In a twinkling, the Flash disappeared in the direction of the JLA trophy room. In the blink of an eye he was back with Doctor Light’s light-wave weapon. He used it to shine a beam of concentrated red-solar energy on Superman, weakening him enough for several super-speed karate blows to render him unconscious.
“Everyone follow the Flash’s lead!” called out Batman, rising to the role of leader. “Pick your opponents and render them harmless, but without hurting them if you can avoid it!” To illustrate his own command, Batman quickly whipped off his utility belt, wrapped it around his right fist, and threw a punch at Green Lantern. The emerald gladiator, too enraged to block the blow, took it on the point of his chin and crumpled to the floor.

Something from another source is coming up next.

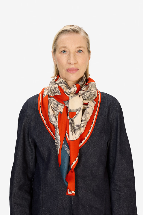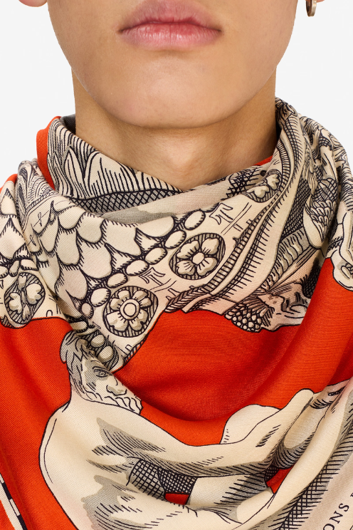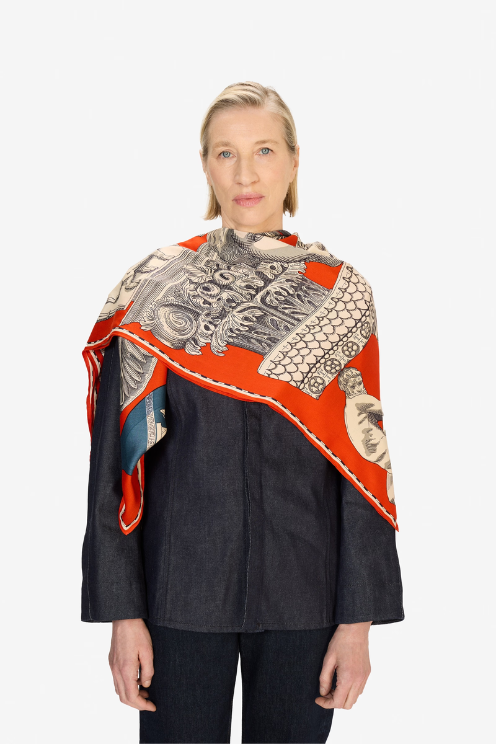 Bold and artistic, the Archives Square in Orange reimagines classical sculpture through a modern lens. Its intricate composition of statues, columns, and Greco-Roman motifs comes alive against a striking orange backdrop accented with deep navy and ivory tones. Crafted in a luxurious silk-modal blend, this piece combines heritage-inspired design with a soft, fluid drape — a true statement accessory.

Green Arrow drew, notched, and fired an arrow at Wonder Woman. Instinctively, the amazon warrior raised her bracelets to deflect it. But the arrow was highly magnetized, and it drew her bracelets together. Her bracelets of submission thus chained together by a man, Wonder Woman sank to her knees, defeated.
Aquaman’s powerful arms closed about Hawkman’s neck and shoulders in a Greco-Roman wrestling grapple. In the ensuing struggle, Hawkman took his anti-gravity belt off his own waist and placed it around Aquaman’s. With Hawkman still in mental control of the belt, it sent Aquaman rocketing toward the ceiling, where his head struck with a loud thump.
The Atom, reducing his weight to a few ounces, bounced and leaped around J’onn J’onzz’s head, enraging him. The Martian Manhunter grabbed at the swiftly-moving Atom again and again. The Atom led the rage-blinded Martian out of the meeting room and into the vehicle hangar, where Atom used a remote-control device to start the League’s special jet-craft. The flames spat from the jet afterburners, and J’onn staggered on his feet, weakened. Atom was able to render him unconscious with a single blow at his full 180-pound weight then.
“Good thing we practiced in simulated combat with one another,” Green Arrow noted.
“Our friends were not in their right minds, or we’d never have beaten them that easily,” Batman said. “Let’s get them into the med-lab. I want to know just what made them go off their respective rockers.”
The others silently began carting their comrades into the sick bay. They, too, wanted answers.